We have an array of (key, value) pairs and we want to store them in a way that is fast to retrieve a specific pair.

On this piece of code we focus on building the hash table, not retrieval.

 

What we do

We use a two-level hashing scheme, with the first level shuffling the input pairs and the second implementing the cuckoo hashing. The first 3 kernels is the first part, the last kernel is the second part.

In the first part, all threads work together, so if one fails, all of them restart. In the second part, each workgroup takes one part of the shuffled data and works independently, so if one thread fails, all threads in this workgroup restart (will understand later...).

Right now, we will ignore the first part and focus on the cuckoo hashing.

 

Theory

Cuckoo hashing is a dynamic hashing procedure, which means that the position of its key on the hash table is not based on a deterministic function, but a probabilistic one.
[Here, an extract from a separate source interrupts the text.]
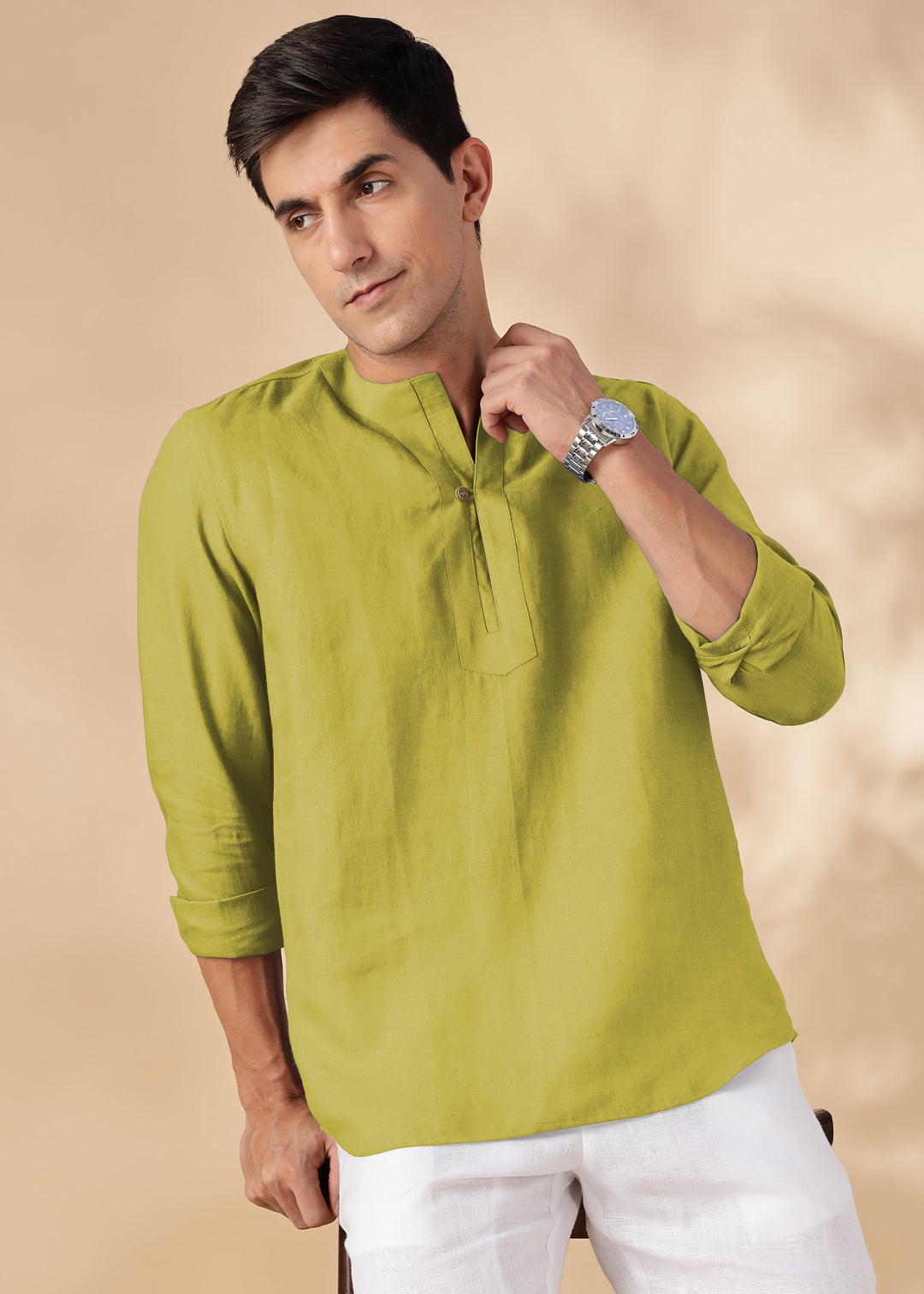 - Linen short kurtas are an excellent choice for special events such as weddings and festivals. For an ethnic style, pair them with churidar bottoms or traditional dhotis. Remember to decorate with a fashionable watch or an ethnic bracelet.

The whole hash table is broken into a number of subtables, 3 in our case (SUBTABLES in my code).

On the serial version of the algorithm, its key draws a random number and, based on that, tries to enter its value on the first subtable. If another key has already entered its value on this position, it draws another random number and tries again on the next subtable.
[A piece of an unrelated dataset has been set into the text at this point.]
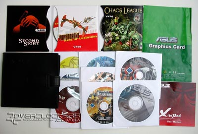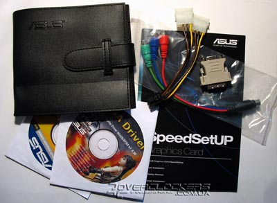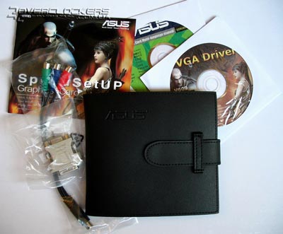 Комплектация этой видеокарты просто поражает – к примеру, вы много знаете видеокарт, в комплекте с которыми идет специальный внешний блок питания? (сразу, получается, вспомнить только другую карту от ASUS - EN7800GT Dual). Он будет не лишним при эксплуатации этой видеокарты в системе с не очень мощным БП, так как энергопотребление данной карты составляет более 100 Вт. Геймпад в комплекте – тоже довольно редкое явление, но все же более частое, чем блок питания для видеокарты. Кроме этого, в комплекте есть большое количество всех необходимых шнуров и переходников, отличный чехол для CD, и неплохой набор CD с играми и ПО.

The procedure continues until all pairs have been written in an empty location.

If a pair hasn't managed to get into a subtable, the hash table is destroyed and the procedure restarts with different seeds for the random numbers. Hopefully, after a number of attempts, the table will be built...

Note that the hash table is bigger than the input, in order to minimize the conflicts. For example, if we have 100 pairs, the hash table will have size 100(1+gamma) pairs, where 0<gamma<1. That means that in the end the table will have some empty pairs.

In order to retrieve the pair, we also need to store the random numbers used when building the table.

 

GPU Cuckoo

Now on the parallel gpu version, the cuckoo hashing is performed inside a workgroup. Each workgroup initializes in local memory a hash table (hltables) with (key,value)=(MAX_UINT, MAX_UINT), where MAX_UINT=0xffffffff.

Instead of having 3 subtables, I keep one (hltables) and move to the right index by calculating the offset of each subtable

cur_ofst = tries * subtable_size; // The index at each subtable

Then I calculate the index at the subtable based on the function given in the algorithm and add it to the cur_ofst

bucket_id = ((newRandoms[tries].x + newRandoms[tries].y * value_in) % PRIME) % subtable_size;

cur_ofst += bucket_id; // Update the offset with the index in the subtable

After that, each thread enters its value to the subtable, waits at the local barrier and then checks if its value managed to remain at the table. If not, it moves to the next subtable

hltables[cur_ofst].x = value_in; // Insert your value and hope no one else overwrites it!

barrier(CLK_LOCAL_MEM_FENCE); // Synchronize all the workgroup threads so that the following read makes sense

value_out = hltables[cur_ofst].x; // Now check if your value was actually inserted

If all goes well, all threads have entered at one subtable their pair. If not, the threads that failed signal the rest with the variable alert and the cuckoo hashing restarts

for(attempts=0; attempts<MAX_ATTEMPTS; attempts++) {

...

barrier(CLK_LOCAL_MEM_FENCE);

if(!alert) break; // if nobody has alerted failure, break and save the hashtable

}

In the end, each workgroup copies the hash table it built from local memory to global and saves the seeds for the random numbers that built the table.

 

Problem

I write the Cuckoo hash table in a file for checking.

This table should contain unique values (except for those that are still 0xffffffff) in the range [0, num_uniqs-1] but doesn't. it looks like some of them are written in contiguous positions and some are overwritten.

 

References

On the page I link in my first post, there is a dissertation and a paper.

In the dissertation, there is an implementation for cuda in pages 68-69.

In the paper, there is a description of the algorithm in page 4 under paragraph Phase 2.